Democracia y dignidad

  • Aquiles Córdova

Uno de los aspectos más ciertos y sombríos de la antidemocracia reside en lo que se ha dado en llamar la “instrumentalización” del hombre. Consiste dicha instrumentalización, grosso modo, en que el líder, el hombre de poder, “usa”, utiliza a los ciudadanos de su área de influencia, como simples instrumentos, como cosas útiles, para sus fines inmediatos y mediatos, sin importarle para nada la opinión que de sus acciones puedan tener esos hombres, esos seres humanos.

El cacique, el representante del partido del gobierno, se apodera de los hombres, los hace suyos, los declara de su propiedad privada y de su uso exclusivo, como lo haría con un par de zapatos o con una bicicleta, sin que en tal acción cuente para nada la voluntad de las víctimas. El poder absoluto, arbitrario, antidemocrático, pues, tiene como una de sus características esenciales, de acuerdo con esto, el menosprecio total del individuo, la negación total del derecho y la capacidad de la persona humana para tomar decisiones y actuar por sí misma. El poder arbitrario da por descartado que lo que es bueno para él es bueno para todos y, por tanto, que se le debe acatamiento ciego. Esto es, que el poder absoluto niega por principio el derecho a la disidencia y a la oposición.

De aquí se deduce, por tanto, que la democracia, si es verdadera, si es genuina, tiene que comenzar su lucha, su autoconstrucción, por la tarea de despertar en los oprimidos la conciencia de su dignidad, de su valer personal; la conciencia de que toda obediencia ciega, todo sentimiento a la instrumentalización, venga de donde venga, de izquierdas o derechas, es una ofensa gravísima a su capacidad de pensar y obrar por sí misma y una prueba segura de que quien obra de esa manera es un farsante, es un enemigo de la verdadera y auténtica democracia, aunque afirme y jure lo contrario.

Los verdaderos luchadores por la democracia tienen que esforzarse por despertar en la gente el pensamiento vivo, creador y rebelde, por hacer consciente a la gente de su valor, de sus capacidades, de su decoro y dignidad de seres humanos. Sólo de esta manera se logrará construir un movimiento hecho con gente consciente, realmente participativa y realmente defensora de sus propios intereses e ideales.

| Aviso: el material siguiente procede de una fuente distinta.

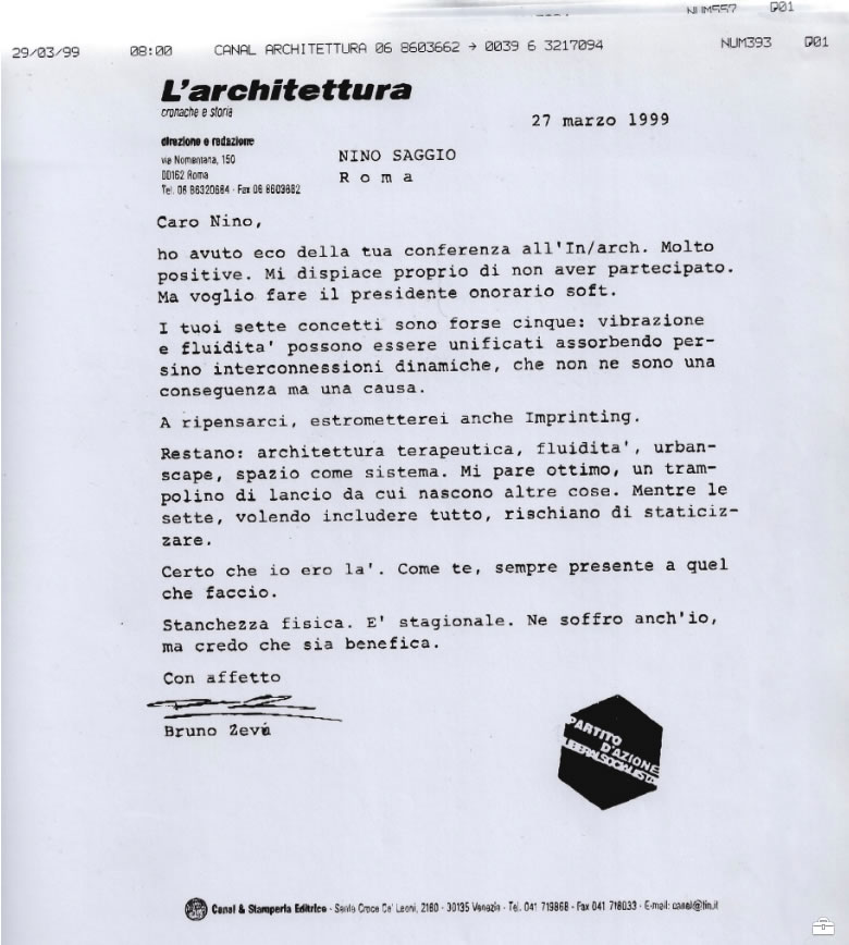 "Verso la fine del 1977, il professor Zevi arrivò in aula annunciando una sua nuova creazione: l’Universale di architettura! L’idea si basava su una serie di idee interconnesse che trovavano in quell’atto di fondazione un coagulo. I principi fondamentali erano quattro:
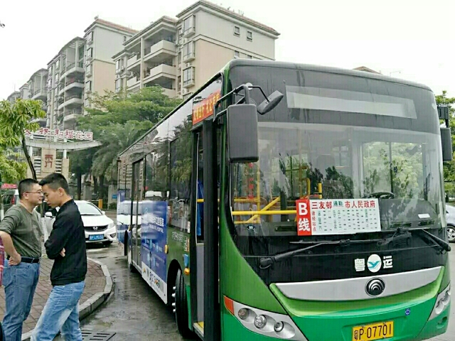 三友邨花园—市政府,途经三友邨·和福花园(东门)、大同北路(中英文学校)、教师新村(广百百货)、市自来水公司、文明路口、沿江路、茶山公园、市政府等站

El caudillismo, del que tanto se reniega pero que tanto se practica en las agrupaciones autodenominadas revolucionarias, no es, en su esencia, otra cosa que una instrumentalización sui generis de la gente: el caudillo sustituye (y por tanto nulifica) a la masa con su propio valor, inteligencia e iniciativa. La masa, entonces, queda reducida a ser el glorificador pasivo, el admirador incondicional de las hazañas del caudillo.

De donde se deduce que sin dignidad no hay democracia, aunque sobre nuestras cabezas caiga, como en el caso del caudillismo, una catarata de elogios y bellas promesas de las que, para su consecución, de todos modos, quedamos excluidos.